◆ Problem statement: The required output is the run of lines from the one holding "Women's high-rise biker" through the final line of the listing, restated word for word, with no pictures.

-- Source material follows --

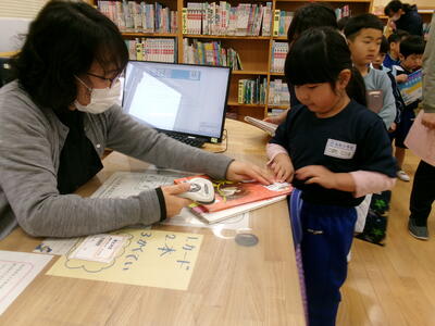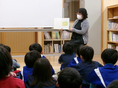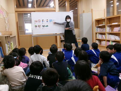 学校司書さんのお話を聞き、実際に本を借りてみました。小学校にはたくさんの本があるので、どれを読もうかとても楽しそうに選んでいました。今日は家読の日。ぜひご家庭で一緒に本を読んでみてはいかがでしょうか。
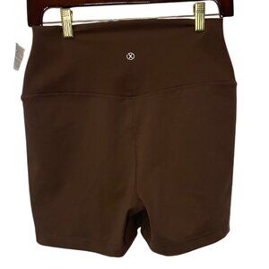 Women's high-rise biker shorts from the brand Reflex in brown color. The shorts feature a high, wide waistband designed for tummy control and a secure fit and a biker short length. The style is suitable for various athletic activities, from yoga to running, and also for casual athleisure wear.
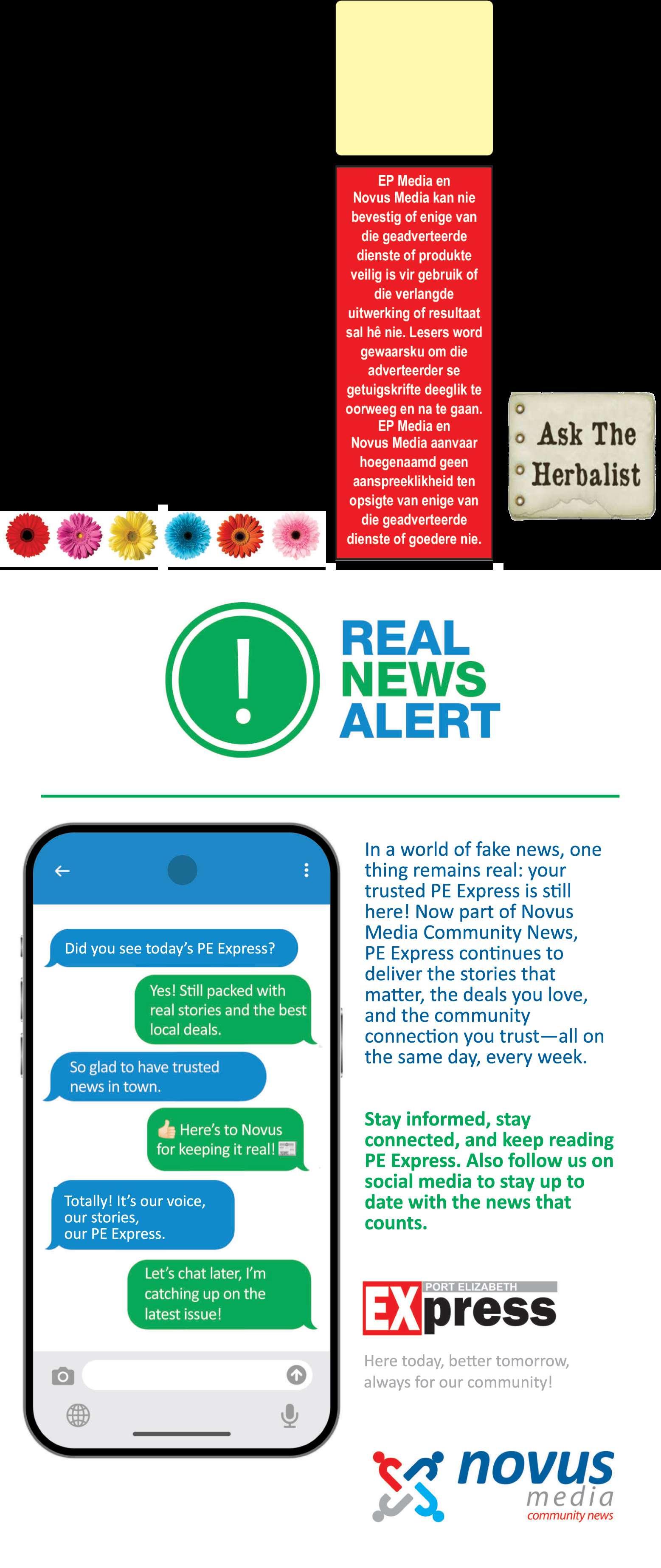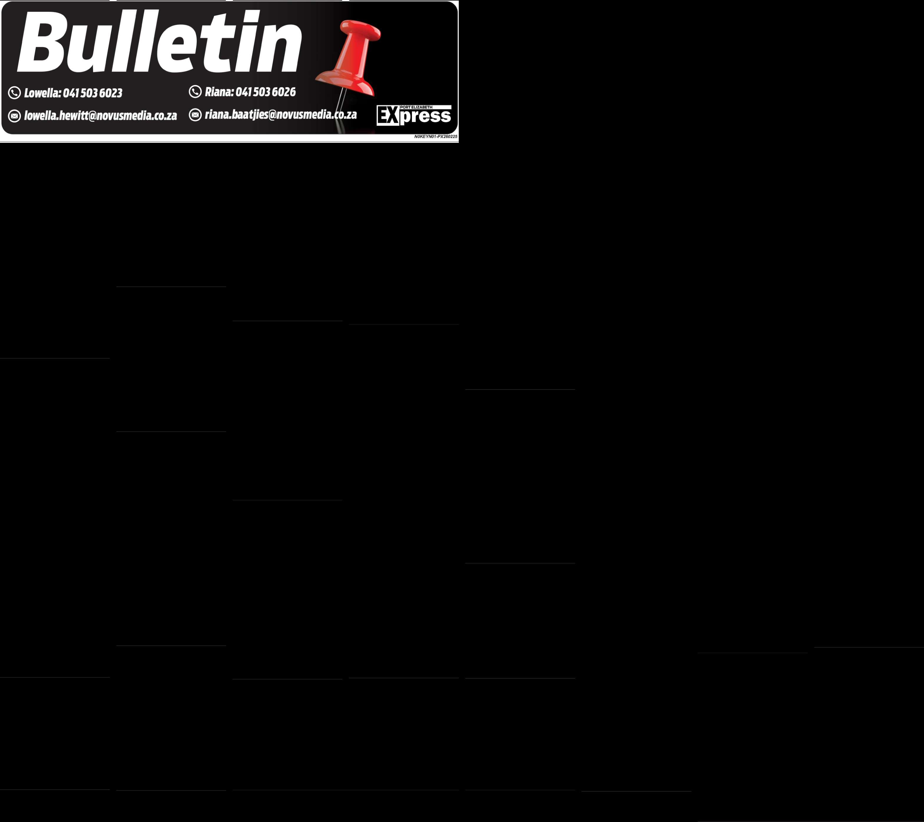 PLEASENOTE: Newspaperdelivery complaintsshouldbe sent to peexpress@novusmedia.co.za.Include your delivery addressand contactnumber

-- Source material concluded --

◆ Task output:
 Women's high-rise biker shorts from the brand Reflex in brown color. The shorts feature a high, wide waistband designed for tummy control and a secure fit and a biker short length. The style is suitable for various athletic activities, from yoga to running, and also for casual athleisure wear.
 PLEASENOTE: Newspaperdelivery complaintsshouldbe sent to peexpress@novusmedia.co.za.Include your delivery addressand contactnumber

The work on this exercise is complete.